There are three possible values for objectType:

  1. Folder - The folder asked for in the API request.

  2. FolderInformation - A subfolder to the Folder object.

  3. Table - A statistical table located in the folder.

Folder metadata

id - Folder id

objectType - Can have one of two possible values:

  • Folder (the folder asked for in the API request)
  • FolderInformation (subfolder)

label - Folder text

description - Folder description

tags - Folder tags (not implemented yet)

links - How to navigate to the folder

Table metadata

id - Table id

objectType - Will have the value "Table"

label - Table text

description - Table description

updated - When the table was last updated

category - Presentation category for the table. Possible values are:

  • internal
  • official
  • private
  • section

firstPeriod - The first data time period in the table

lastPeriod - The last data time period in the table

discontinued - If the table will be updated with new data or not

tags - Table tags (not implemented yet)

links - How to navigate to the table. For tables there are three links:

  • self - How to navigate to the table
  • metadata - How to navigate to the table metadata
  • data - How to navigate to the table data

More ...

Proposal: The querystring parameter recursive=true will return all sub nodes for the specified node. Possible to define number of recursive levels.

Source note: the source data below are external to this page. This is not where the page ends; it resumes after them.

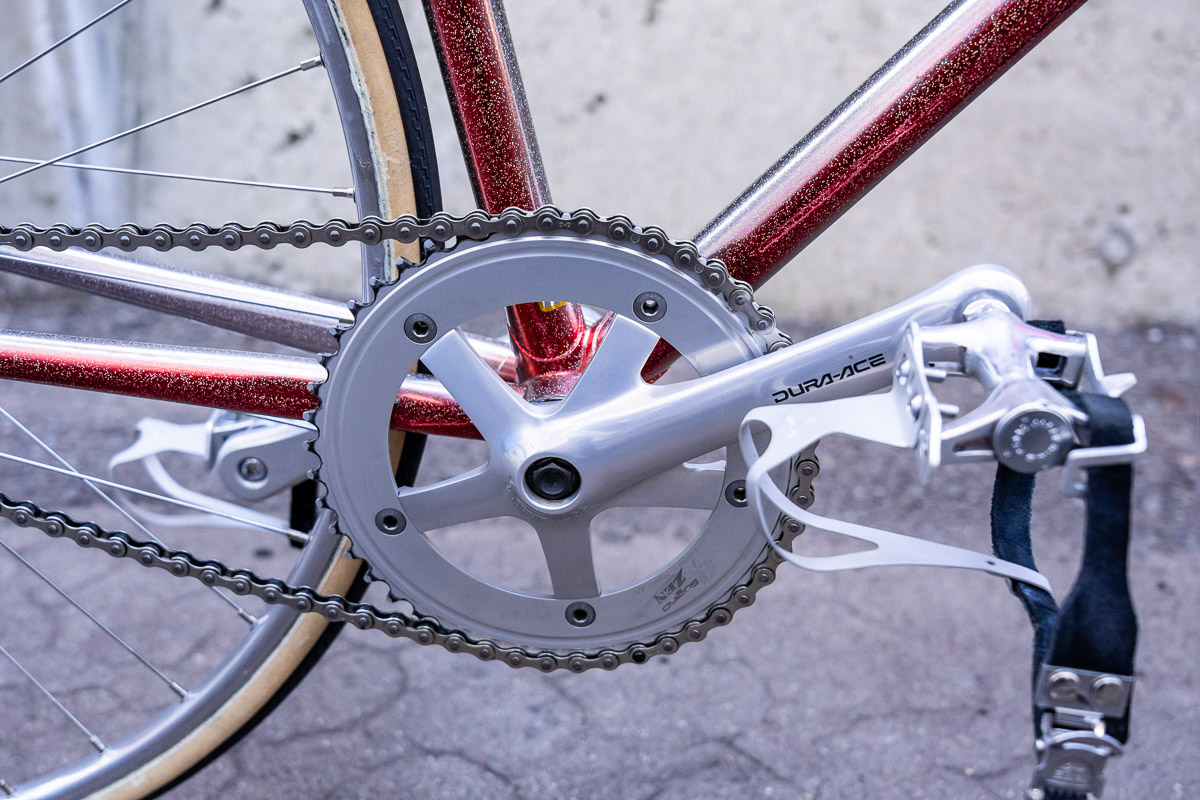 クランク長はスタンダードな165mmをチョイス。より大きなギアをかけていた頃は伸ばした事もあったそうだが、現時点の走りであれば、伸ばす必要はないと感じているようだ。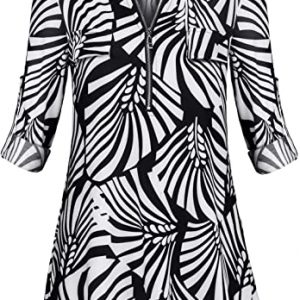 MIXJOY Baikea Women’s 3/4 Rolled Sleeve Zipped V Neck Plaid Shirt Casual Tunic Blouses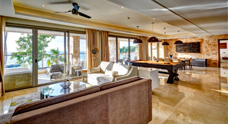 Suites feature an ocean view. Additional amenities include a living room, dining room, a pool table and a spacious terrace.
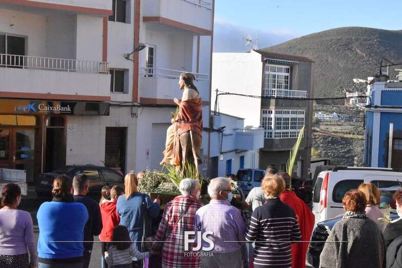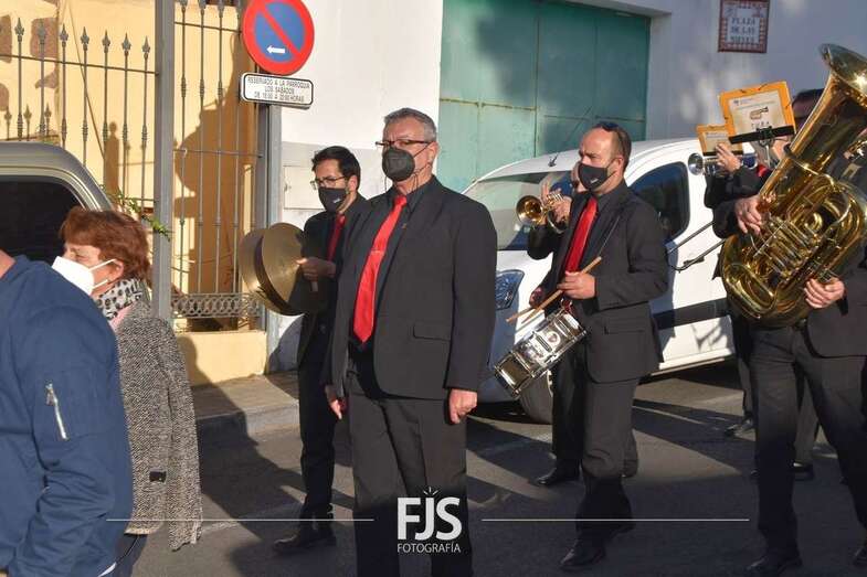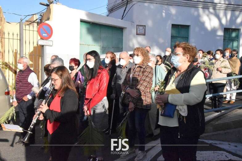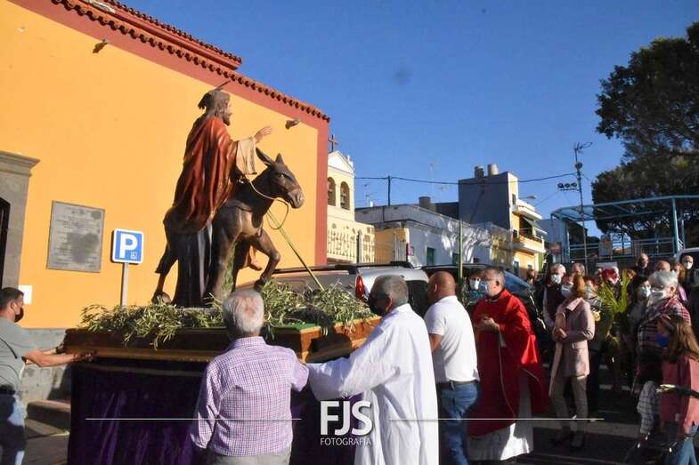 La Parroquia de Nuestra Señora de las Nieves adelantó a este sábado la celebración de la tradicional procesión de La Burrita del Domingo de Ramos con un recorrido religioso por el entorno de la plaza de Lomo Magullo, con el acompañamiento de numeross fieles  y de la Banda Municipal de Música de Telde.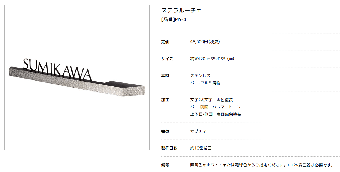 美濃クラフト MY-4 ステラルーチェ(STELA LUCE) LEDバックライト表札 [MY-4 メーカー価格表の33%OFF+送料無料で販売中]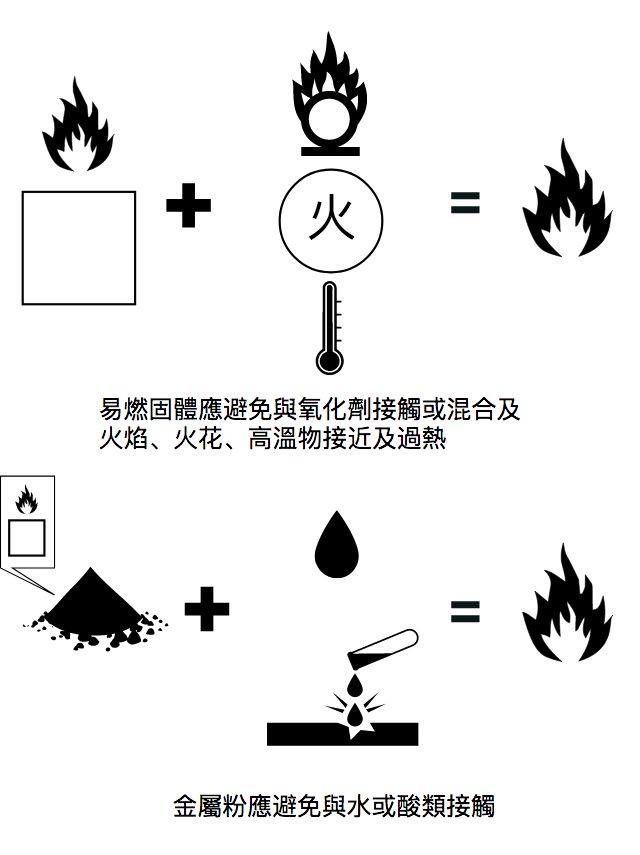 1. 易燃固體應避免與氧化劑接觸或混合及火焰、火花、高溫物接近及過熱。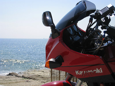 自分への「戒め」として、これを書くことにします。 その日4/24(日)は前日の雨が上がり、快晴の春の陽気で、 いつもの革ジャンの重い「鎧」をまとうことなく、 スカジャン+フリースの「軽装備」で、 "赤兎馬"と共に、知多を目指し出発。 その日は、自分もバイクも非常に調子よく、 と言より、その日の自分はあきれるほど、 「調子にノって」疾走っていました。 海岸付近の往路では、Ninja+750ゼファーの2人組を気持ちよくパスし、 帰りの知多半島道路では、巡航中の"赤兎馬"のテールに 強引に絡んできた「旧車」のCIMAを一旦先行させた後、 相手と同じ手法で、向こうが観念して車線変更するまで 尻を小突いて、加速しながら追い抜いてやり、 「やりたい放題」に疾走りまくってました。 そんな「傍若無人」な自分に、<天罰>が下ったのは、 ツーリングを終え、家の近所で給油しようと、スタンドに向かってる時でした。 あと、数百mでスタンドという交差点に差し掛かった際に、 すれ違ったバイクに気を取られていて、 前方の信号が赤に変わったのに気付くのに遅れ、 咄嗟にFブレーキを掛けた刹那、 浮いた砂ジャリにフロントがロックし、 そのままフロントが右へ流れました。 さほど速度は出てなかったので、 なんとか転倒するのを左脚でグッとこらえたのですが、 230kgの車体をそのまま立て直すことはできず、 泣く泣く"赤兎馬"をゴロンと路上に寝かせることに...。 交差点の車線をふさぐように転がしてしまったため、 急いでに車体を引き起こそうと、一気に力を込めた時、 腰が「ゴキり!!」と聞いたことの無い悲鳴をあげ…… 腰に鈍痛が走ったのですが、再度転がしてしまったら、 引き起こすのは不可能だと思い、何とかそのまま、車体を引き起こし、 路側帯まで押し引いて行きました。 何とかエンジンもかかり、自走できたので 曲がってしまった左ステップに違和感を感じつつ、 なんとかそのまま帰宅できました。 家に帰ってから確認すると、 不思議とカウルやウインカーには一切の傷も無く、 ハンドルバーエンドとエンジンに細かい傷がある程度で、 左ステップが、すべての衝撃を吸収してくれたようでした...。 それは、あたかも"赤兎馬"が自らのカラダを張って、 大きな事故につながる前に 調子に乗っているワタシを「戒め」てくれたようでした。 幸い、ステップもハンマーで叩き直り、 ワタシの腰も、筋肉を傷めた程度の 軽めのギックリ腰で済みました。 まだしばらくはバイクにまたがれないけど、 この期間に少し今までの自分を 振り返ってみようかと思います。 運転技術も、運転の心構えも ぜんぜん未熟!本当にゴメン、 そしてありがとうな、"赤兎馬" …とは言っても、でもこんなもんぐらいじゃ、疾走るをのヤメるわけないんですけどネ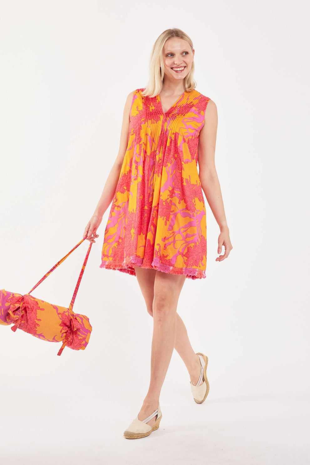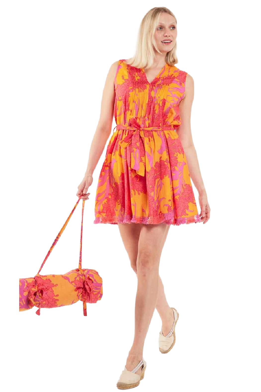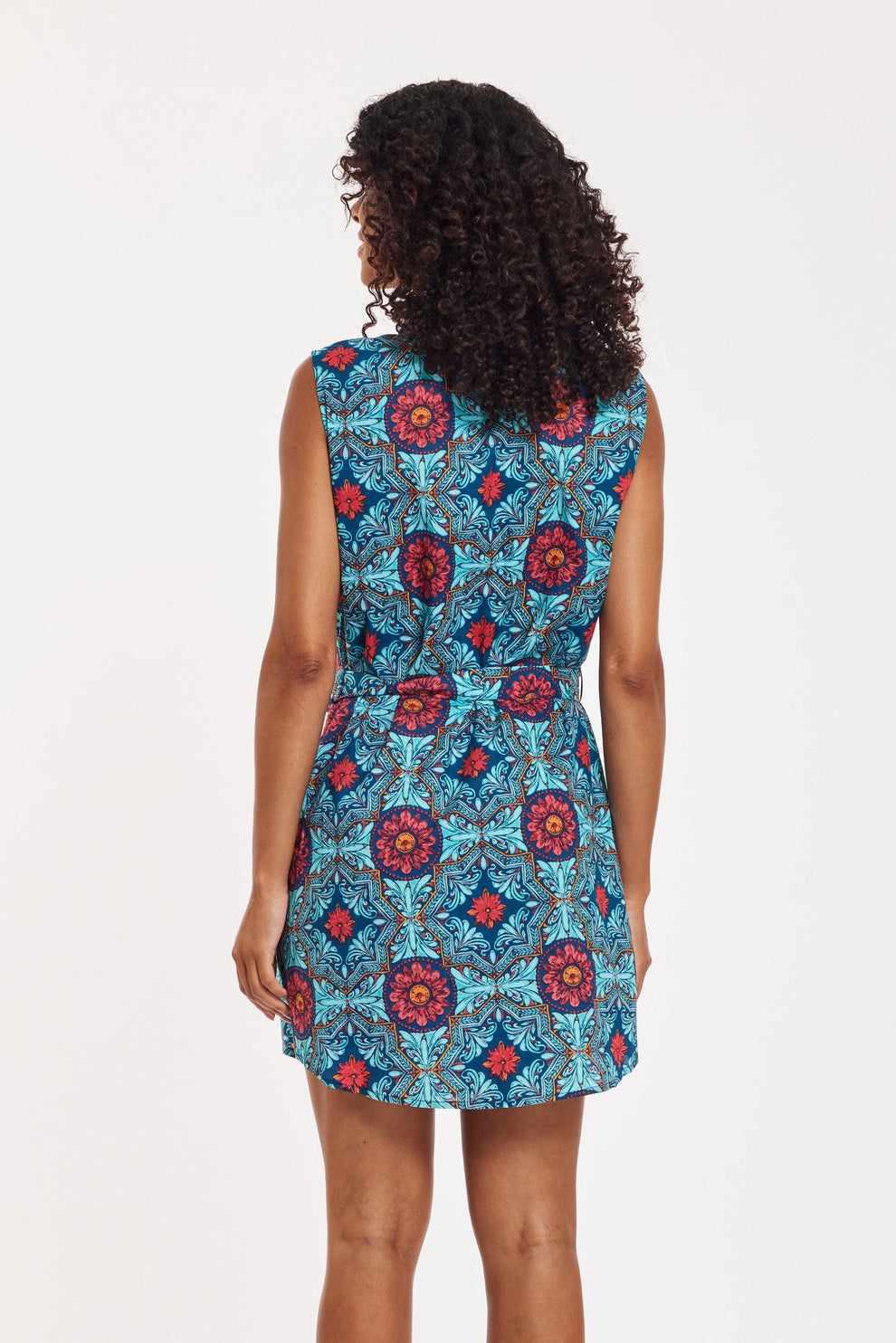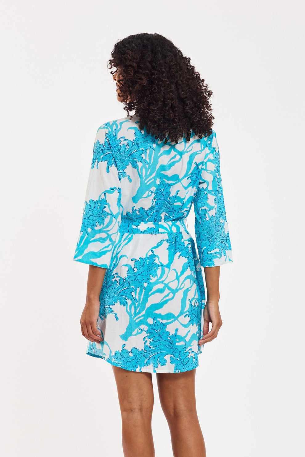 Turquoise Coral Print Cotton Shirt Dress by Moda Posa

Question: Will http://my-site.com/api/v2/tables/TAB0001/data return default values or is it necessary to also specify variables and values to this URL to get data?

Should not LINK and HEADLINE menu types be included? Suggestion is to skip the LINK type.

Suggested properties for all types

  • Id
  • Label
  • Description

Suggested properties for table type

  • LastUpdated
  • Published
  • TableCategory (PresCategory)

Table endpoint

List all tables

url: /api/v2/tables/

HTTP method: GET|POST

List all tables in the database

Response

[
   {
     "id": "TAB0001",
     "text": "Tabell A",
     "updated": "2018-01-01T09:30:00",
     "links": [{
               "rel": "metadata",
               "href": "http://my-site.com/api/v2/tables/TAB0001"},
             {
               "rel":"data",
               "href": "http://my-site.com/api/v2/tables/TAB0001/data"}]
   },
   {
     "id": "TAB0002",
     "text": "Tabell B",
     "updated": "2018-01-22T09:30:00",
     "links": [{
               "rel": "metadata",
               "href": "http://my-site.com/api/v2/tables/TAB0002"},
             {
               "rel": "data",
               "href": "http://my-site.com/api/v2/tables/TAB0002/data"}]

   }
]

Parameters

You can restrict the tables return by the following parameters

pastDays

Selects only tables that was updated from the time of execution going back number of days stated by the parameter pastDays. Valid values for past days are integers between 1 and ? (Will return error?)

http://my-site.com/api/v2/tables?pastDays=5

Question: Which date in the database/PX-file shall we check against?

  • PX-file: LAST-UPDATED
  • CNMM: Published

~~##### updatedSince Selects only tables that was updated after and including the date specified by the parameter updatedSince.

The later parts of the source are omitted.